"Roses are red, violets are blue, Tinder matched us so we should screw."
When I downloaded Tinder, this was not my intention.
I did not intend for boys to think it was OK to send me messages like this.
Yet this is the assumption if you download any one of the many social media dating apps; that a "hook-up" is in the impending future.*
*For this purpose, we will define "hook-up" as anything sexual; this could be kissing, sex, etc. While the word hook-up is very ambiguous in itself, we will not attempt to define it further at this point in time.
Nothing kills the vibe like a dating app. They encourage faceless contact reliant upon texts, instant messages, snapchats and friend requests. It's easy to appear witty, intelligent and attractive online. Everyone loves the filters on snapchat and the ability to copy and paste funny one-liners from a search engine. But does this encourage actual relationships? Or simply hook-ups?
Recently, it was discovered that "digital eligibility exceeds physical eligibility," meaning that while someone may seem attractive online, they pale in comparison in real life.
Tinder allows us to fulfill some sort of need. We can create the person we want to be. The perfect package. This causes an immediate sense of gratification. The more people swipe right indicating they like us, the better we feel. In the real world where no one seems to speak their mind or make a move, in the technological world, we can boost an over inflated ego with a couple swipes or choruses of
"Wow... you're beautiful" and "hey:)"
It's almost more arousing to match and/or message with someone than it is to actually hook-up with them.
This, my friends, is a problem.
Gone are the days of calling on someone like in "Pride and Prejudice" and gone are the days where people simply asked other people to coffee to get to know them. This has now been replaced with the standard Tinder profile, complete with several extremely edited photos, a name, age and short 140 character bio.

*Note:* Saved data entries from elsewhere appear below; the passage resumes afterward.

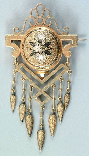FIVE VICTORIAN WOVEN HAIR-WORK MOURNING JEWELRY BROOCHES.2 days LeftVICTORIAN, DIAMOND AND SILVER-TOPPED GOLD LILY OF THE VALLEY BROOCH24 Lots AwayVictorian era Scottish Anchor Carnelian silver brooch pin…..from nice local estate, very niceApr 10, 2026Art Nouveau and Victorian Cameo Multi Stone Brooches (5)Mar 28, 2026Victorian 14k YG Diamond Brooch23 hrs LeftAntique 14k Yellow Gold Black Opal Doublet Enamel Brooch 1.5" OG5761 day LeftVICTORIAN, MULTIGEM STICK PIN BROOCHMar 31, 2026Victorian 18K Yellow Gold Diamond Enamel BroochApr 30, 2026Gold-tone Victorian Revival Costume Jewelry Brooch CollectionMar 26, 2026Gorgeous Antique 1890s Victorian Crystal Hat Pins7 hrs LeftANTIQUE DIAMOND TREMBLANT CORSAGE SPRAY BROOCH94 Lots AwayVictorian 14K Gold Holly Branch Brooch and Pins2 days LeftMulti-Tone Metal and Rhinestone Vintage Costume Brooch Collection, Florenza IncludedMar 26, 202614k Gold Victorian Brooch23 hrs LeftVictorian Gold Pins23 hrs LeftMint Antique 1890s Victorian Crest Leaf Brooch Art Nouveau7 hrs Left
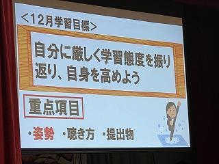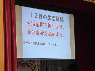 12月の生活目標「生活習慣を振り返り、自分自身を高めよう」についてのお話がありました。
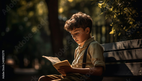 Cute schoolboy reading book in autumn forest solitude generated by AI
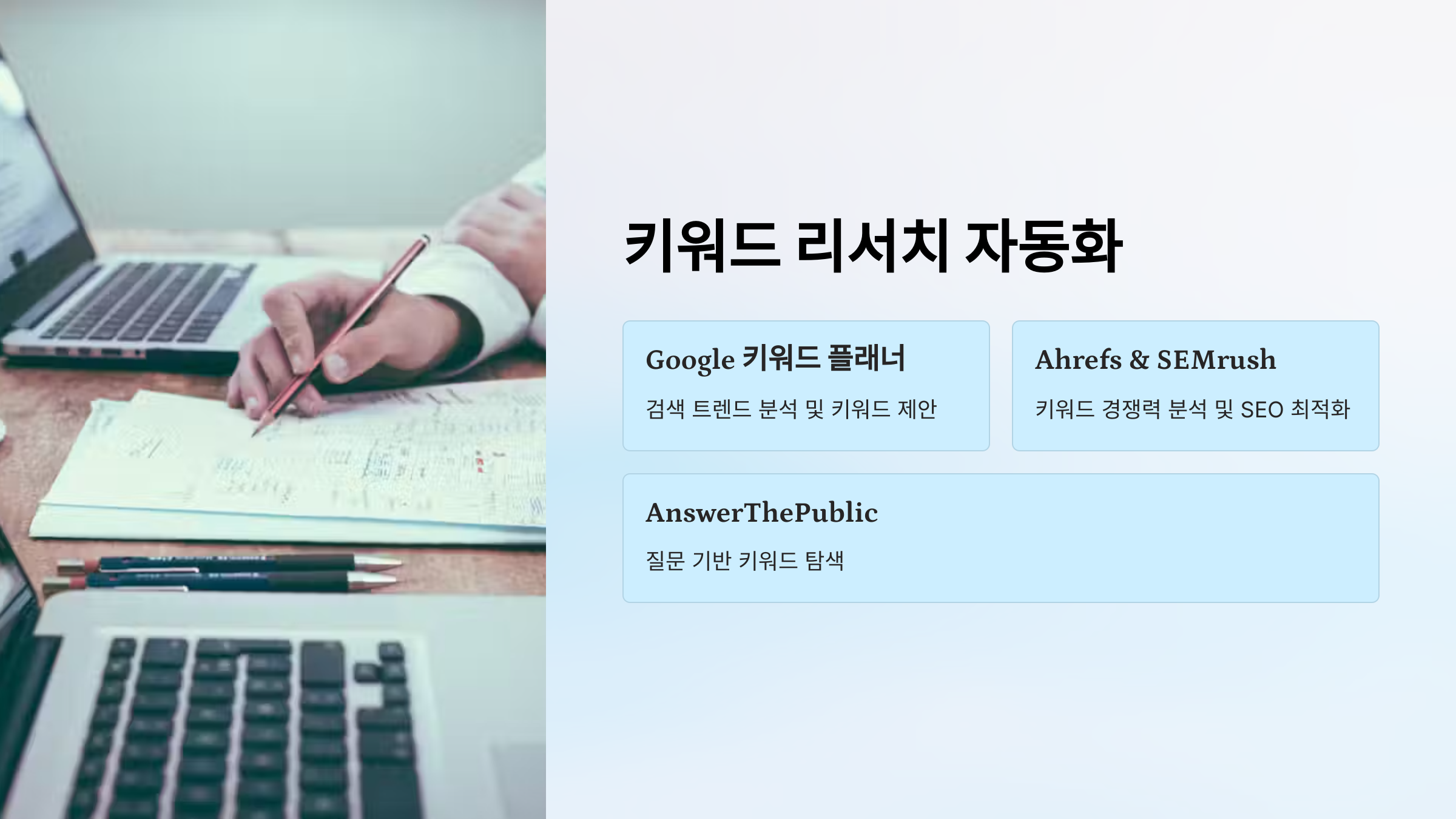 ✔ 키워드 리서치 자동화를 통해 검색 유입 최적화
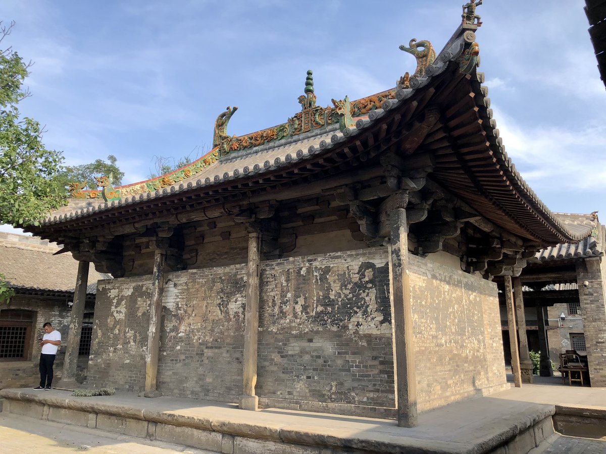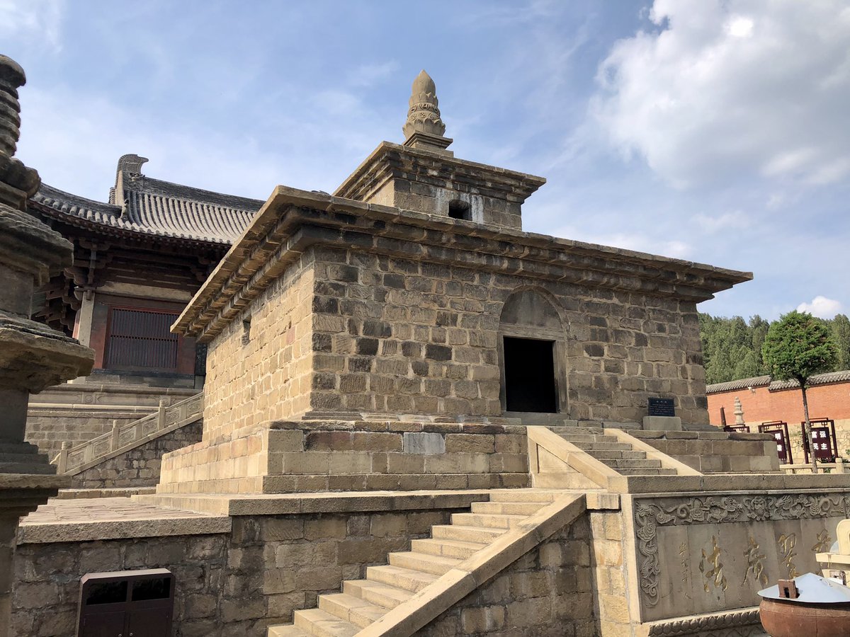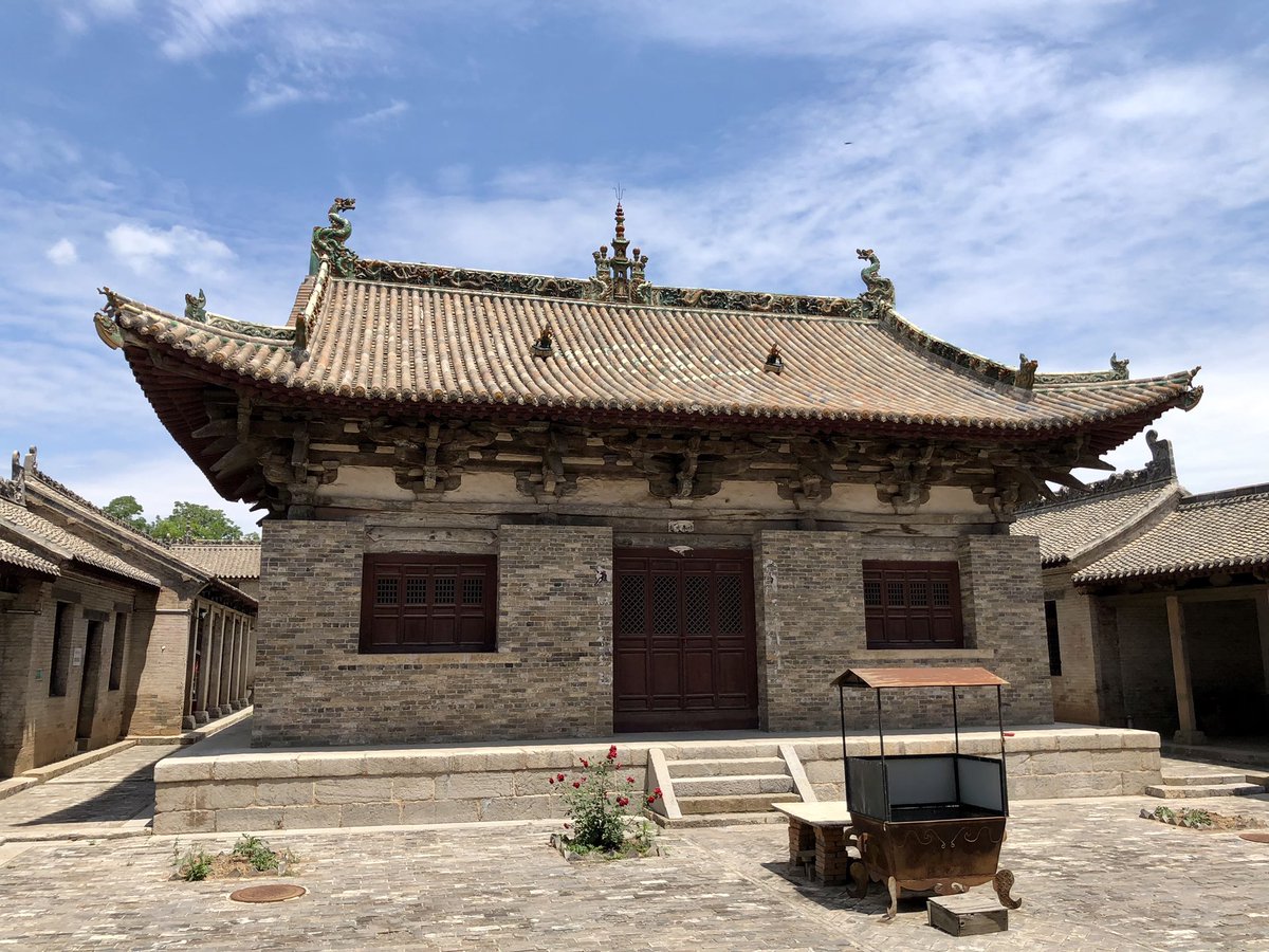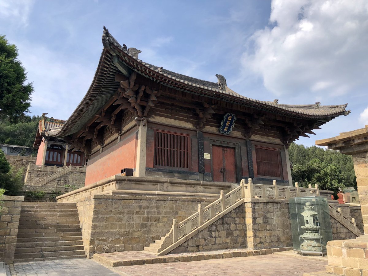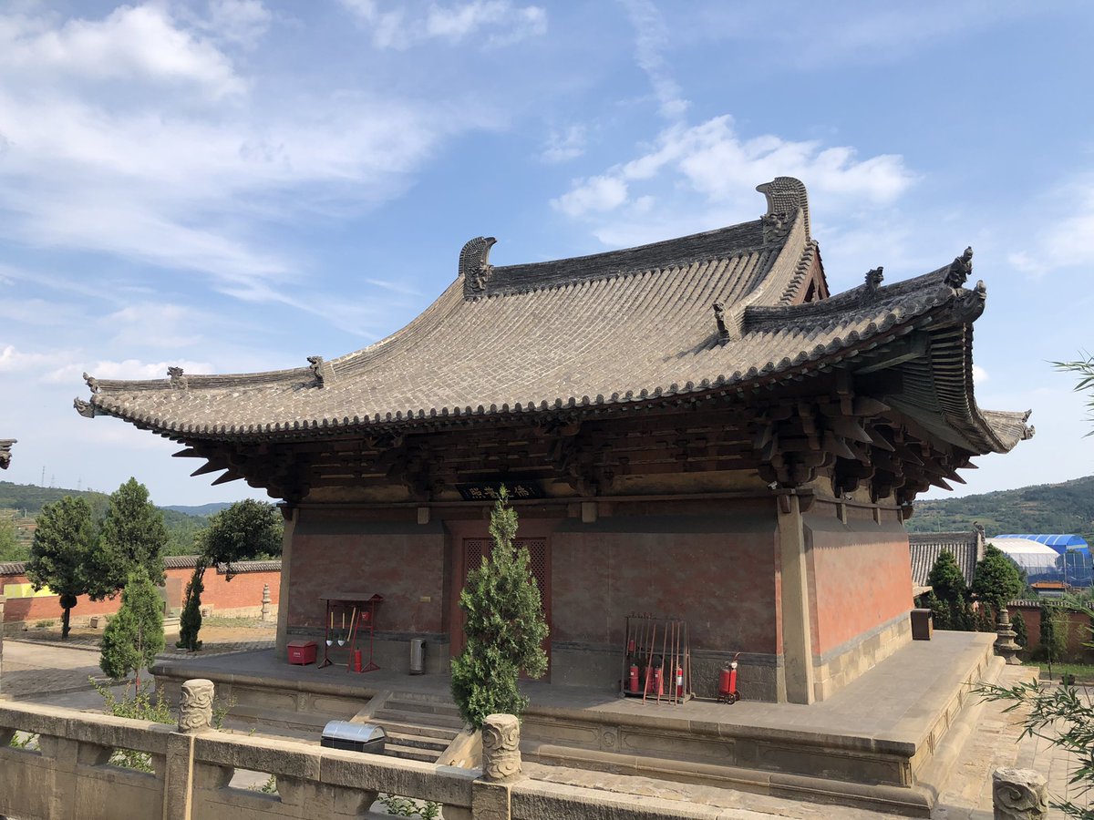 But onwards! I stagger out into sunlight. Helped by @xujnx’s database, next door we find 12th century Jin temple - closed for lunch - but with its massive red-painted entrance and huge Tang masonry base giving a sense of scale.
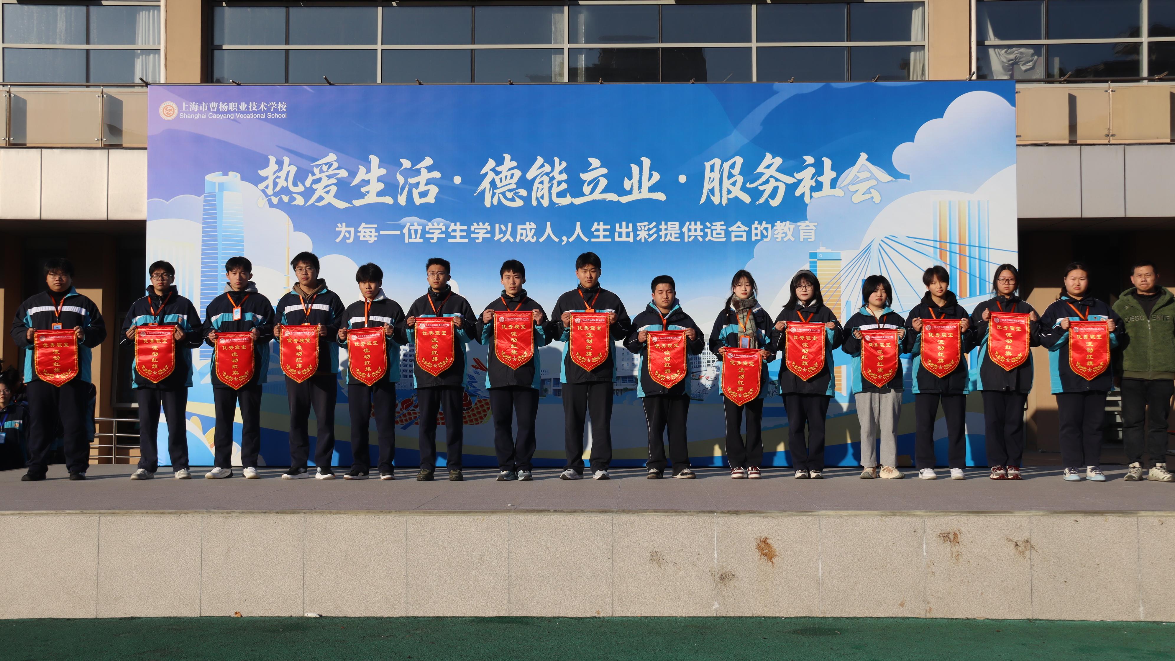 2025年12月15日上午,上海市曹杨职业技术学校隆重举行上海市“星光计划”第十一届职业院校技能大赛宣传专项颁奖主题升旗仪式,集中表彰在宣传赛道上涌现出的优秀个人和作品。
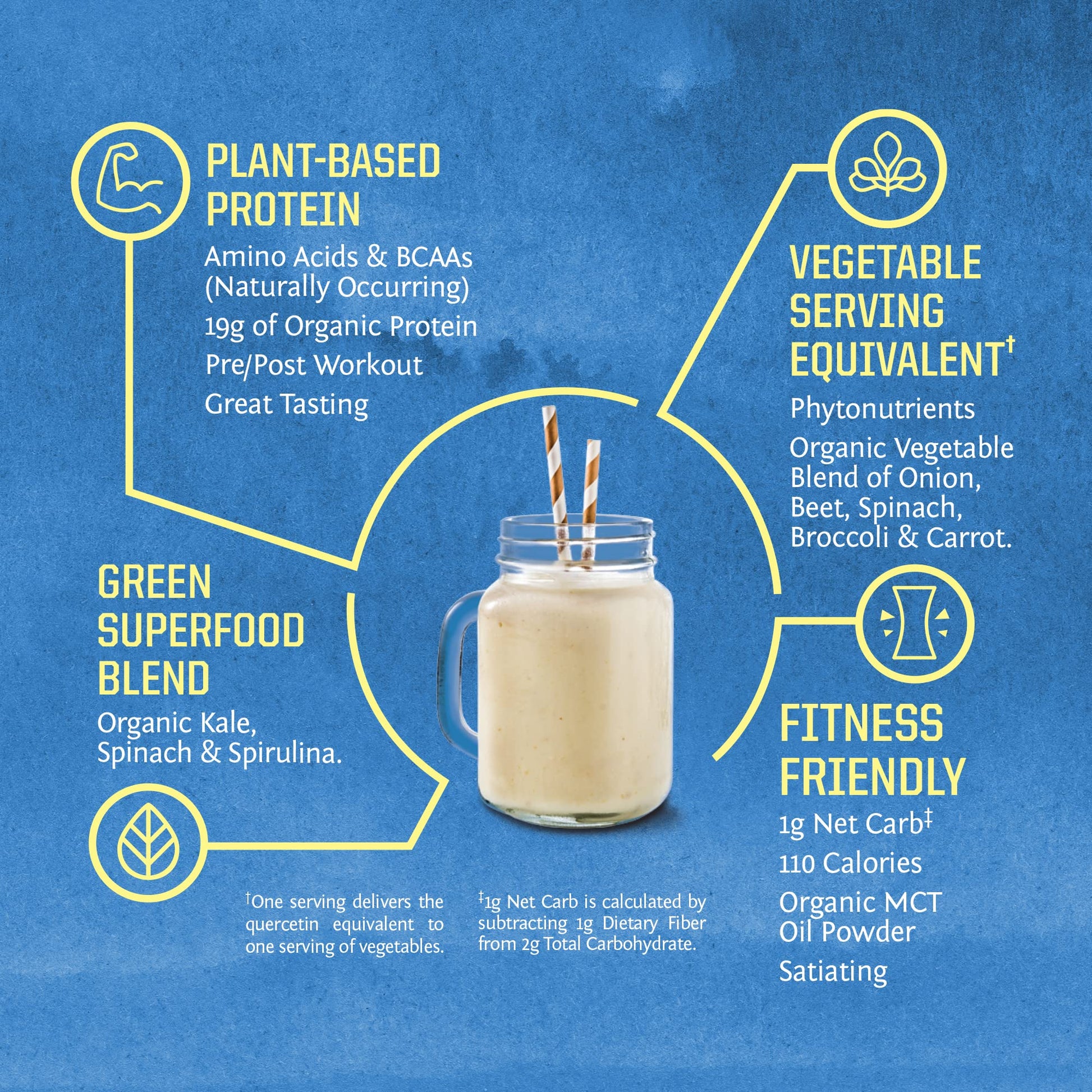 - Excellent source of premium organic super greens, 16g organic plant-based protein, Net carb friendly, 1 organic vegetable serving equivalent, Naturally occurring BCAAs

Let's ask ourselves; by downloading social media dating apps like Tinder, are we only seeking to gratify ourselves in a superficial and frivolous way? Or are we actually seeking relationships?
If the answer is the latter (which I assume it is), we are far better off dealing with the cryptic signals offered from those we are interested in, than spending hours swiping away and crafting perfect messages.
We're only allowing others to see us through the guise of social media, and if we want to form real relationships, we need to put down our phones, delete those apps and enter the real world.